Showing posts with label Jonathan Yardley. Show all posts
Showing posts with label Jonathan Yardley. Show all posts

Saturday, August 4, 2012

In a Swoon

Jonathan Yardley

I do believe I have a crush on Jonathan Yardley. His Second Reading is a delight. He is crazy about Eudora Welty and William Faulkner (shades of my Grand Southern Literary Tour). His favorites, with so many to choose from, by those two famous authors are The Robber Bridegroom and The Reivers.

He believes that The Great Gatsby is just about the greatest work by any American writer. Steinbeck doesn't stand up to his scrutiny as well as he did when Yardley was reading him as a younger man. Hemingway is just as cruel to Fitzgerald and Stein and Ford Maddox Ford, all who were a help to him, in A Moveable Feast.

He takes a good long look at the early essays of Joan Didion, Slouching Toward Bethlehem; Maxine Hong Kingston's memoir The Woman Warrior; Toni Morrison's Sula; and, Crazy Salad, essays by the recently deceased Nora Ephron.

He adores James Thurber (My Life and Hard Times) and E. B. White (The Elements of Style)...as do I.

Best of all, once I am finished with the 60 reviews in this book, and I only have ten more to go, there are 37 more to be found online.

I am in a swoon.

Friday, August 3, 2012

Cloudy with rain - finally


Cloudy with rain. I am tired of the sun and heat. A perfect day to loll on the chaise lounge and read and pretend it is cool outside. (It isn't.)

I am truly enjoying Jonathan Yardley's book Second Reading. One minute I am visiting suburbia in the short stories of John Cheever, The Housebreaker of Shady Hill,  and a few pages later I am thrown into the world of baseball with Jim Brosnan's The Long Season.

What I really appreciate is that Mr.
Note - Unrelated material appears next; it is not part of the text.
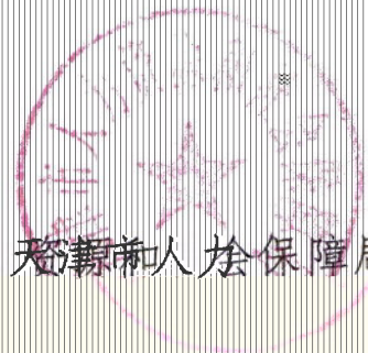
天津市人力资源和社会保障局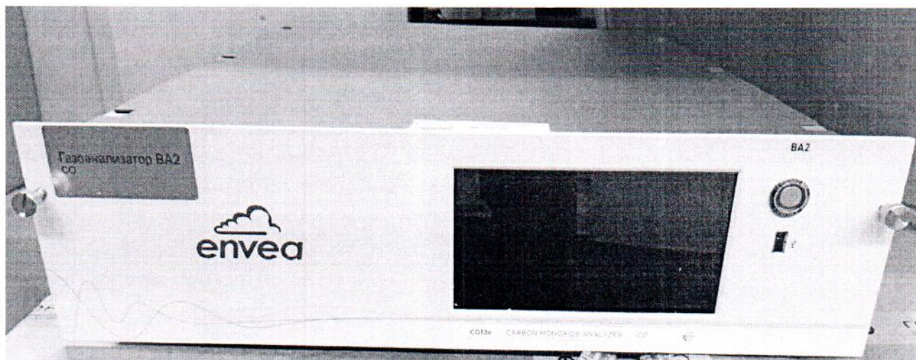
Рисунок 1.1 – Фотографии общего вида газоанализатора CO12e № 1647

Yardley still owns the books he is rereading. Some are first editions bought at time of publication; others are well-worn finds he bought at used bookstores. Many he admits to rereading many times.

He also gives a brief bio of each author. Nothing ponderous; usually just a paragraph. Enough to place the author and the book in their time period. Much appreciated.
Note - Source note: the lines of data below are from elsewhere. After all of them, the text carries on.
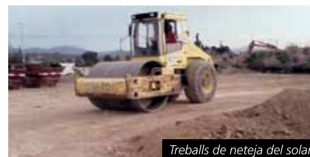
Treballs de neteja del solar

D'altra banda, l'Ajuntament també ha reparat la canonada que dona aigua a les dutxes de la Platja Llarga.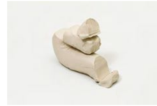
Untitled 2022 oil on bronze 36 x 13,5 x 30,5 cm unique in a series of 2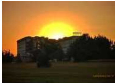
Medicina covid ospedale Avezzano: solo 7 infermieri e pochi oss, è allarme personale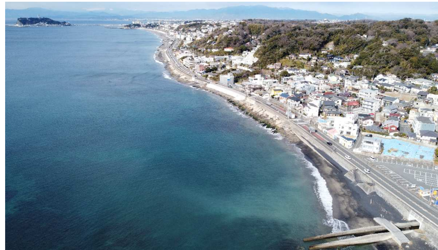
鎌倉海岸七里ガ浜地区 令和4年1月撮影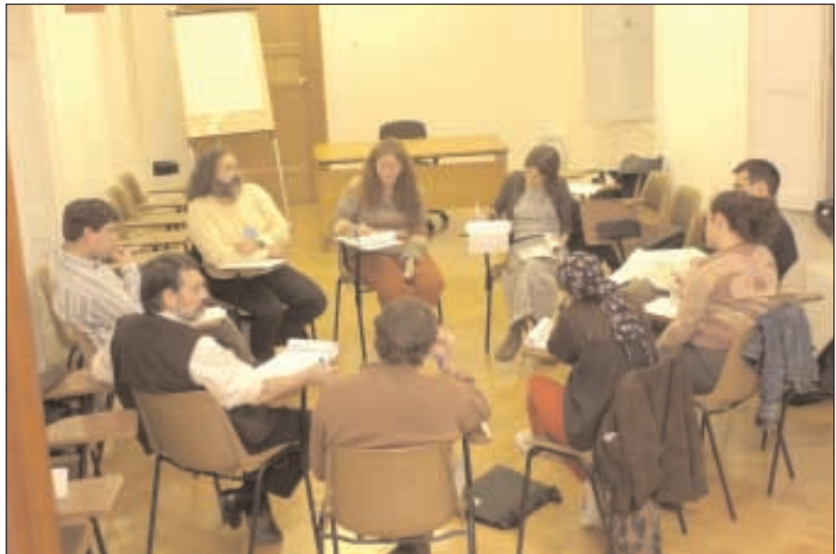
Sección 3. Uno de los talleres de trabajo

I am also finishing up another witty mystery by Georgette Heyer - The Unfinished Clue (1934) with Inspector Harding of Scotland Yard.

The gruff and bullying Sir Arthur is stabbed in the neck with a letter opener at the end of a weekend house party (that the British do so well). No one seems to miss him but a murderer must be found. Plenty of suspects; a terrific character, Lola, a dancer from Mexico, the fiancee of the dead man's son; and a perfectly named butler, Finch.

As always, Ms. Heyer perfectly captures the tone of the upper class manor and manners. Delicious.

Thursday, August 2, 2012

Second Reading by Jonathan Yardley

A lovely bookcover

I love books about books and I bought one last month that I have been anxious to start: Second Reading by Jonathan Yardley.

Yardley is a book reviewer with the Washington Post and this book is a collection of 60 some essays that he wrote between 2003 and 2010. These are not essays on the Book de Jour. Yardley takes a look - a second reading - at his favorites. Some books and authors have fallen out of fashion and some have never fallen out of fashion; hence the subtitle Notable and Neglected Books Revisited.

Just a scan of the table of contents and I know this is the book for me. I am reminded that I want to read Lucky Jim by Kingsley Amis and Cannery Row by John Steinbeck. I am anxious to read what Yardley thinks of Mr. Blandings Builds His Dream House by Eric Hodgins (I thought I was the only one on earth who loved that book) and A Moveable Feast by Hemingway (which I just reread for Paris in July).

And then there are those I have never heard of such as Reveille in Washington by Margaret Leach about Washington during the Civil War which Yardley promises is the best book ever written about the nation's capital.

After reading just a few of the selections, I can assure you that his style is smooth, his quotes only whet the appetite, and his opinions are lively and insightful. The book itself is a lovely volume published by Europa Editions which, according to its website, publishes "works of literary fiction, high-end mystery and noir, and narrative non-fiction from around the world." 

All in all, I am quite happy to make Mr. Yardley's acquaintance.